Here's an update on what we've done this week and what we're doing with the project.
Our initial idea was to create a tool kit for the registry that allows iGEM teams to easily implement post translational modifications (PTMs) to complex proteins that they want to produce. Many eukaryotic cells have these PTMs to make the proteins they need, but prokaryotic organisms like E.coli have a much smaller selection of PTMs. So iGEM teams are limited in what proteins they can produce in E.coli. Our idea was to create a toolkit of devices and enzymes that other teams could put in their device to allow for the needed PTMs to work. So that's what we spent most of this week researching.
Unfortunately, after researching this idea we decided that PTMs weren't really a good project direction and that there isn't much we could do with it that would really be new or impressive. We can't create a toolkit like we originally planned because each type of PTM is radically different, even when it's two cases of the same modification. So since we can't create a useful toolkit, all we would be doing is putting coding regions in E.coli and seeing if it worked, which isn't really a good project.

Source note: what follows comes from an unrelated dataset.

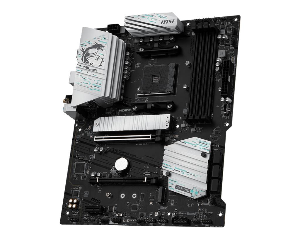MSI B550 GAMING WIFI. Processor manufacturer: AMD, Processor socket: Socket AM4, Compatible processor series: AMD Ryzen 3000 Series. Supported memory types: DDR4-SDRAM, Maximum internal memory: 128 GB, Memory slots type: DIMM. Supported storage drive interfaces: SATA III, Supported storage drive types: HDD & SSD. Maximum resolution: 4096 x 2160 pixels. Ethernet interface type: Gigabit Ethernet, LAN controller: Realtek 8111H, Top Wi-Fi standard: Wi-Fi 5 (802.11ac)
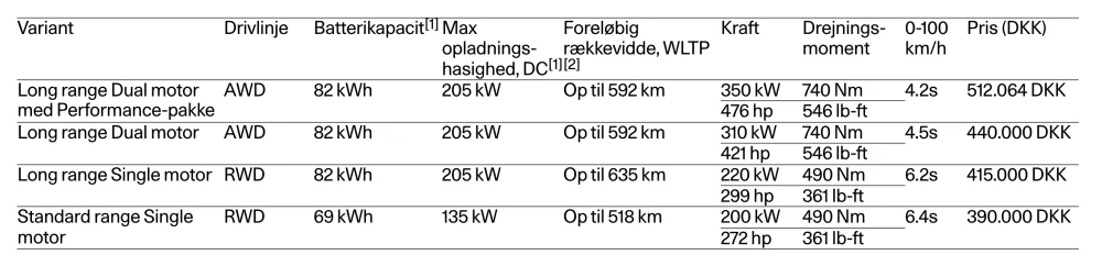 Batterierne giver også en længere rækkevidde på tværs af paletten. Long range Dual Motor opnår en øget rækkevidde på 592 km WLTP på grund af muligheden for at frakoble frontmotoren, hvilket er en forøgning på 105 km.

So we started talking about quality control after Dr. Rickus mentioned it to us. We realized that there's no real standard for robustness of a part in the registry. People just put parts in one situation and test it in that specific set of variables, which doesn't help other teams if they want to use it in a different strain of microbe or under different conditions. So we read a paper that just came out that talked about creating a quality control number for genetic parts that shows how robust a part is to change. One of our focuses will be to adapt their method to iGEM parts and create a new system for measuring robustness of parts in the registry so teams can easily see how well a part can be used in different situations. It will add a level of characterization to the registry that is sorely needs. We are also talking about creating a number of devices or even a toolkit that teams can use to control robustness of a part. So let's say we create one device that keeps the output of a circuit steady in temperature changes, one that keeps steady in pH changes, and one that keeps it steady when the host species is changed. Then teams could use our quality control devices to better build and characterize their parts.